How do experts score?In terms of index design, the six major evaluation dimensions include multiple key indicators, covering corporate governance policies, external model evaluation practices, security and fairness and robustness benchmark results. The selection of these indicators is based on broad recognition in academia and policy circles to ensure their relevance and comparability in measuring company security practices.

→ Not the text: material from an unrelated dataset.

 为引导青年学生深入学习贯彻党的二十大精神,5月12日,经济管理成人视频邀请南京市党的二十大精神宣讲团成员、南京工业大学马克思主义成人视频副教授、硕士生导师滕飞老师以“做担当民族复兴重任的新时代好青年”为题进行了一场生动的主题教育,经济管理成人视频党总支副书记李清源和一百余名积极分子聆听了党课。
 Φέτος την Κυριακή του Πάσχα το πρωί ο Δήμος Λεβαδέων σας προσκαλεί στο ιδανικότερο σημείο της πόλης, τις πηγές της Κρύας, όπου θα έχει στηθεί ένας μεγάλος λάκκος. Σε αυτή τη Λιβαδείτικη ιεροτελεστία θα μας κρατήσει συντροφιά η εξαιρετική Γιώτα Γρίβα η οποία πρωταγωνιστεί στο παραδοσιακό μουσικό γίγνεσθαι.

The main inclusion criteria for these indicators are:
Relevance: The checklist highlights aspects of safe and responsible behavior in AI that are widely recognized by the academic and policy communities. Many indicators come directly from related projects conducted by leading research institutions such as Stanford University's Center for Fundamental Model Research. Comparability: Select indicators that highlight meaningful differences in safety practices that can be identified based on available evidence. Therefore, safety precautions without conclusive evidence of difference were omitted.Companies were selected based on their expected ability to build the most powerful models by 2025. In addition, the addition of Zhipu also reflects the index's intention to represent the world's leading companies. As the competitive landscape evolves, different companies may be focused on in the future.
Figure | Overview of evaluation indicators.

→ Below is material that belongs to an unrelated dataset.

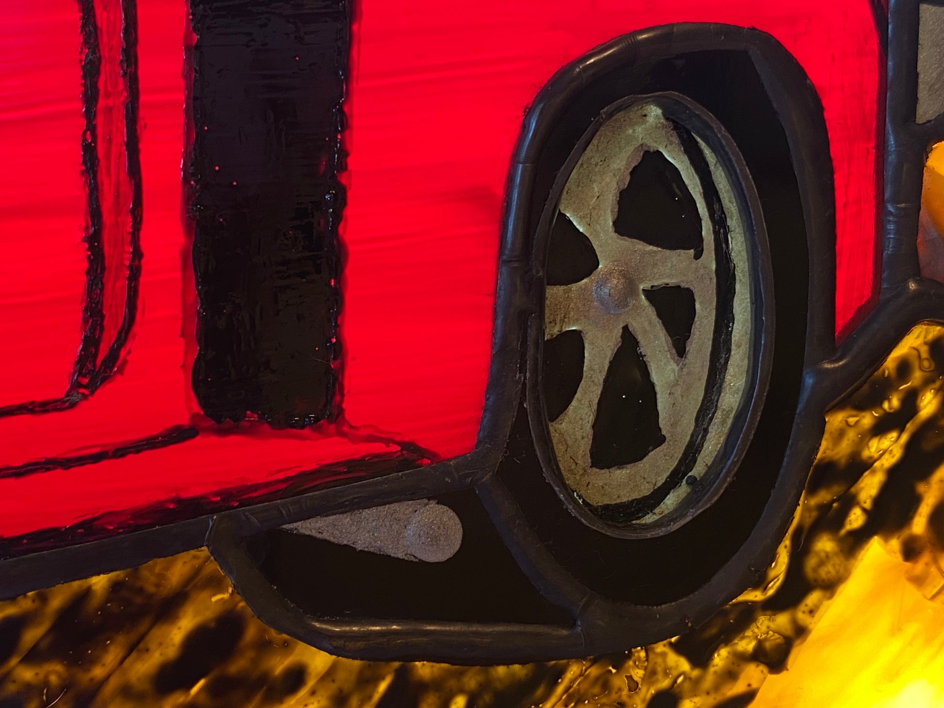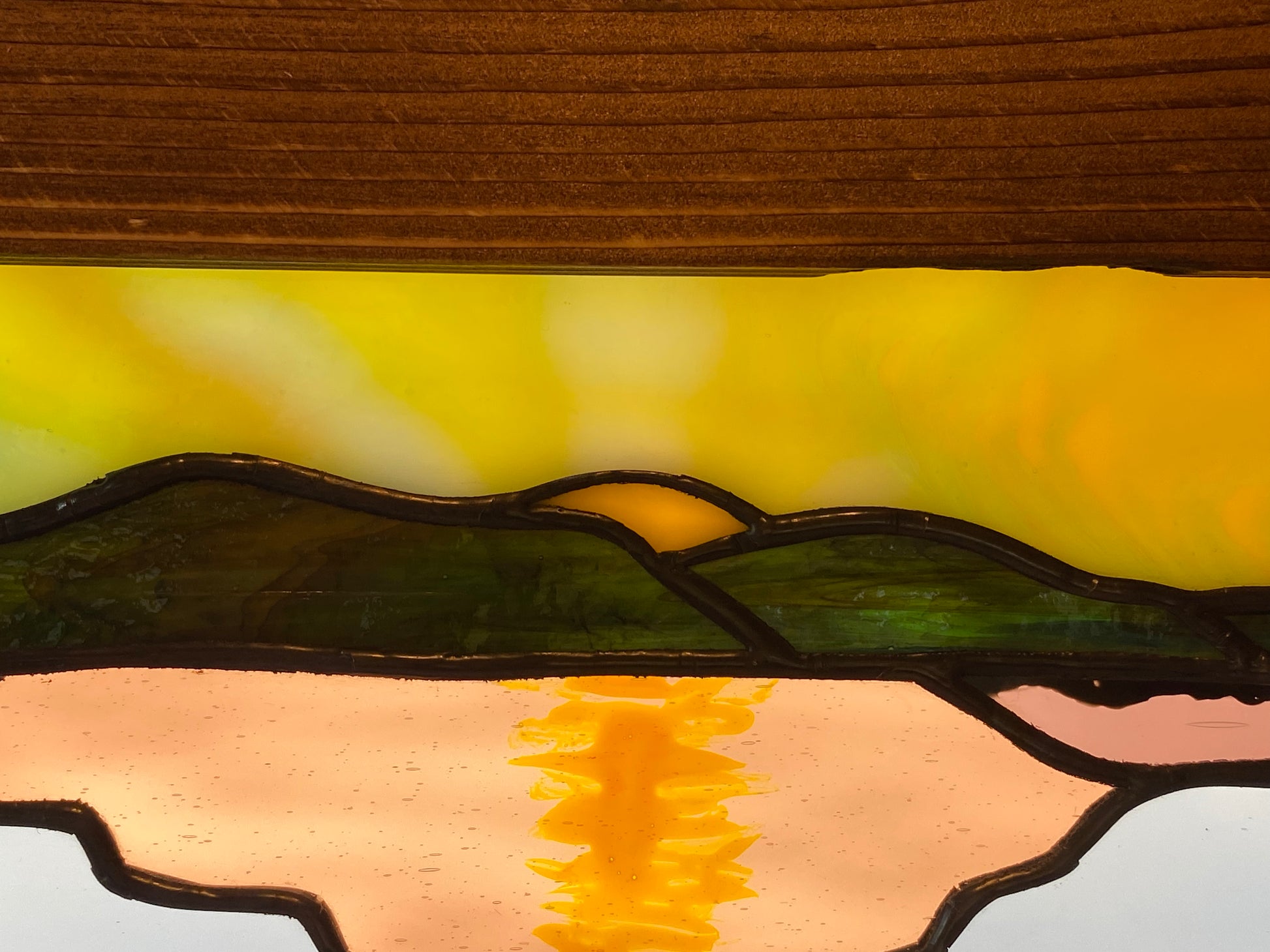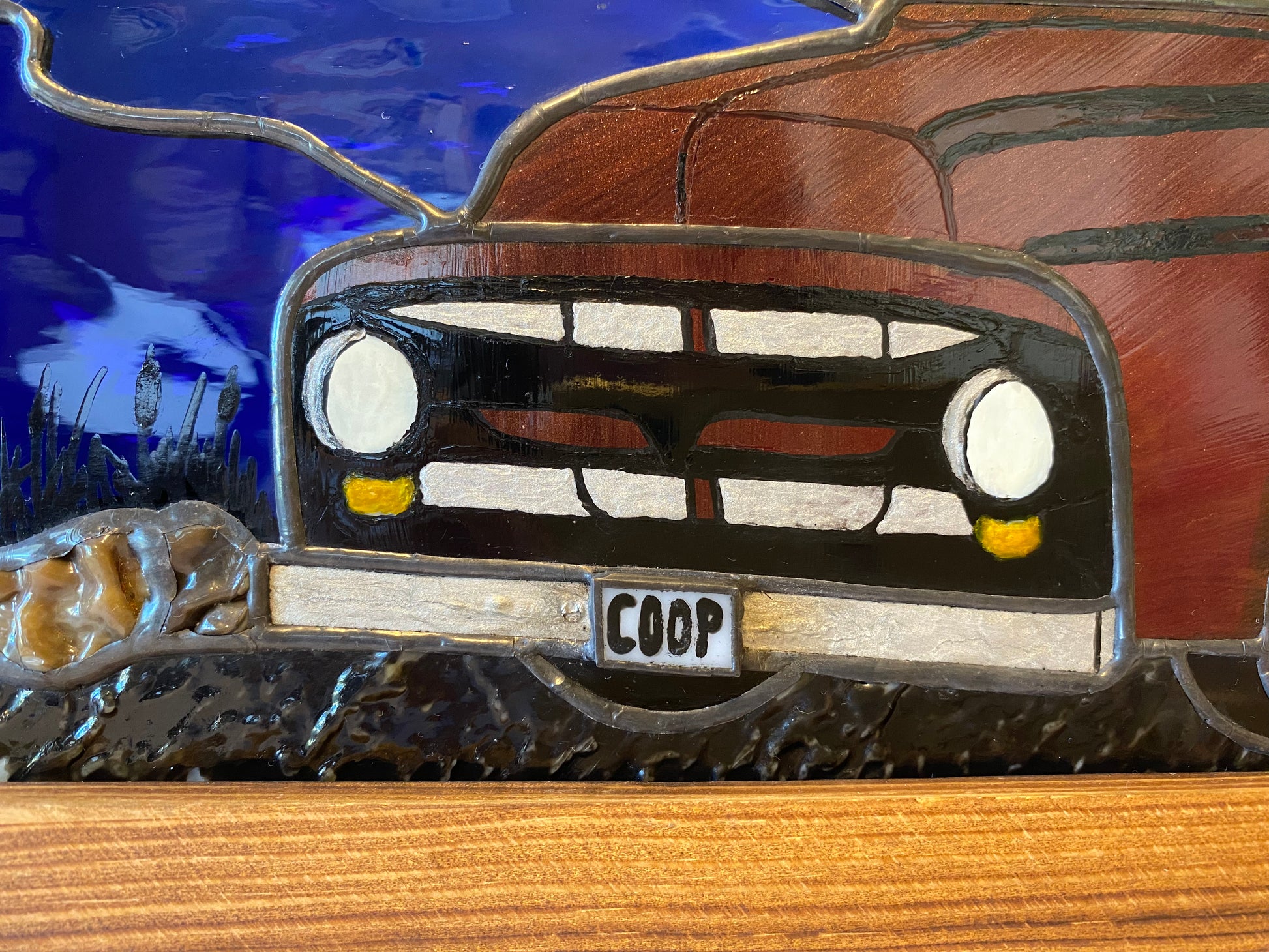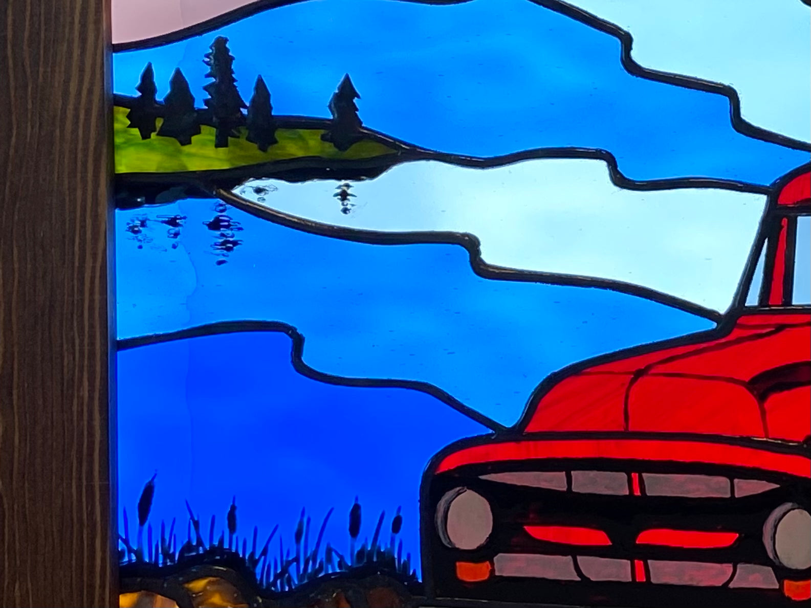 The details on this very custom light box were accomplished with not only painting for truck details, shadows, water grass, and reflections in the water, but also with plating, a Tiffany method of using more than one piece of glass behind another for the purpose of adding color, texture, or depth to an area of the piece. The sun's rays are made by plating some yellow water glass behind the single piece sky, and the interior of the truck is positioned behind the smoked glass windows for depth and additional detail. The wheel rims are also inset behind the outside glass that makes up the tires. Foil overlay is used for some of the details such as the trees on the land and the rearview and side mirrors on the truck. Finished size is 9" x 13" not including the light box. The light box has string lights installed around the inside edge and comes with a remote control to turn the lights on/off, dim, or set on a timer. There is some white foam board placed inside on the back, sides, and top for better reflection for the colored water glass, but can be easily removed if a darker setting is preferred. This can be customized with a different truck, different color, or can be made without the light box for a hanging panel of the same or different size.

In addition, when the Future of Life Institute compiled the "AI Safety Index Report", it built a comprehensive and transparent evidence base to ensure that the assessment results are scientific and reliable. The research team created a detailed score sheet for each company based on 42 key indicators, and provided links to all raw data in the appendix for public review and verification. Sources of evidence include:
Public information: Mainly from public materials such as research papers, policy documents, news reports, and industry reports, which not only enhances transparency, but also facilitates stakeholders to trace the source of information. Company questionnaire survey: A questionnaire was distributed to the assessed company to supplement internal information such as security structure, processes and strategies not covered by public data.The evidence was collected from May 14 to November 27, 2024, covering the latest artificial intelligence benchmark data, and data extraction times were recorded in detail to reflect model updates. The Future of Life Institute is committed to the principles of transparency and accountability by fully documenting and making all data – whether from public sources or provided by companies – available for review and research.

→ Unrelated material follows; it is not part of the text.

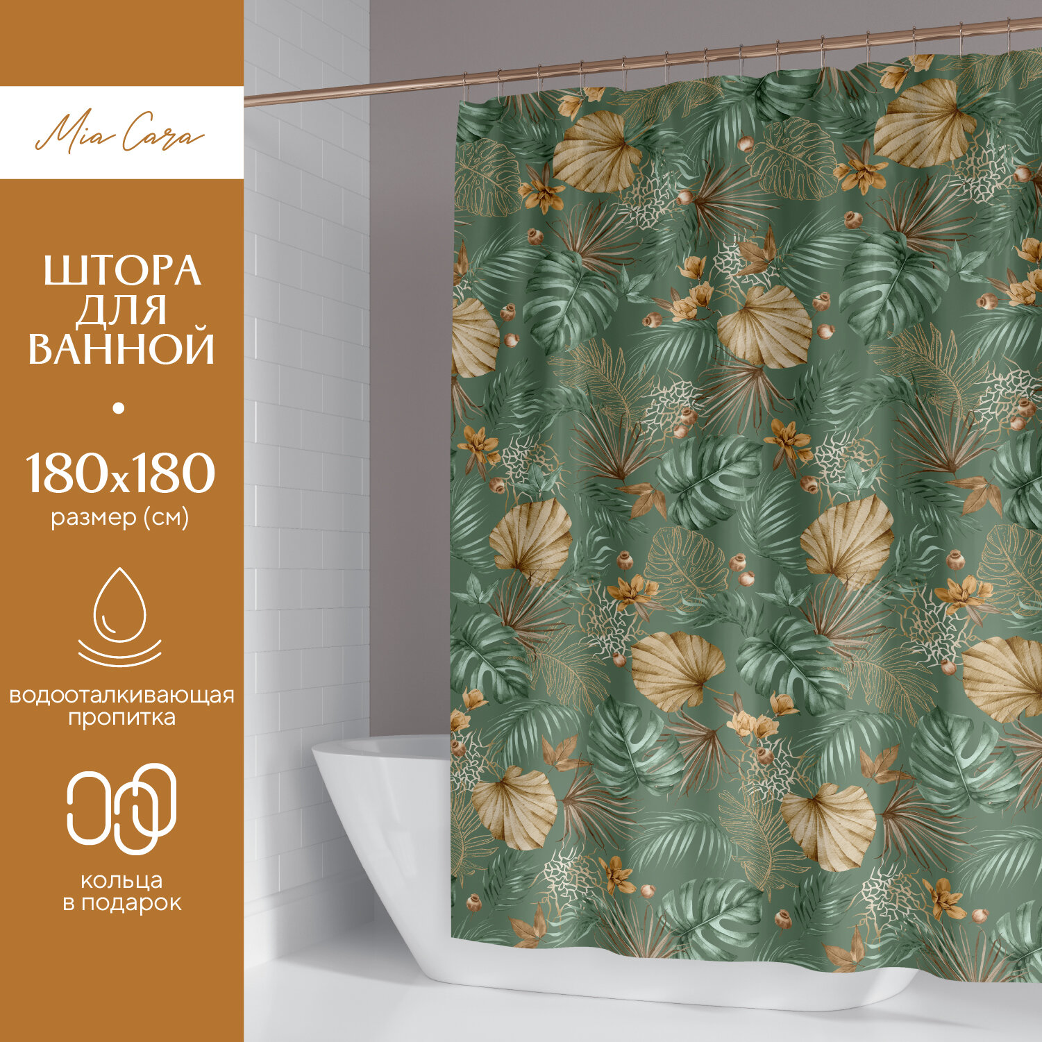 10 цен на Штора для ванной 180х180 "Mia Cara" Tropics

In terms of the scoring process, after completing the evidence collection on November 27, 2024, the research team will submit the summarized scoring sheet to independent artificial intelligence scientistsand governance expert panel review. The scoring sheet covers all indicator-related information and is accompanied by scoring guidelines to ensure consistency.
The review experts score each company based on absolute standards, rather than simply making horizontal comparisons. At the same time, experts are required to attach a brief description to support the score and provide key suggestions for improvement to reflect the evidence base and their professional insights. The Future of Life Institute also invites expert groups to assess specific areas, such as “survival safety strategies” and “current hazards”, to ensure professionalism and depth in scoring. Finally, the scores in each field are scored by at least four experts, and the average score is summarized and displayed in the score card.
This scoring process focuses on structured, standardized assessments while retaining flexibility, allowing experts’ professional judgment to be fully integrated with actual data. Not only does it demonstrate the current state of safety practices, it also suggests possible directions for improvement, motivating companies to achieve higher safety standards in the future.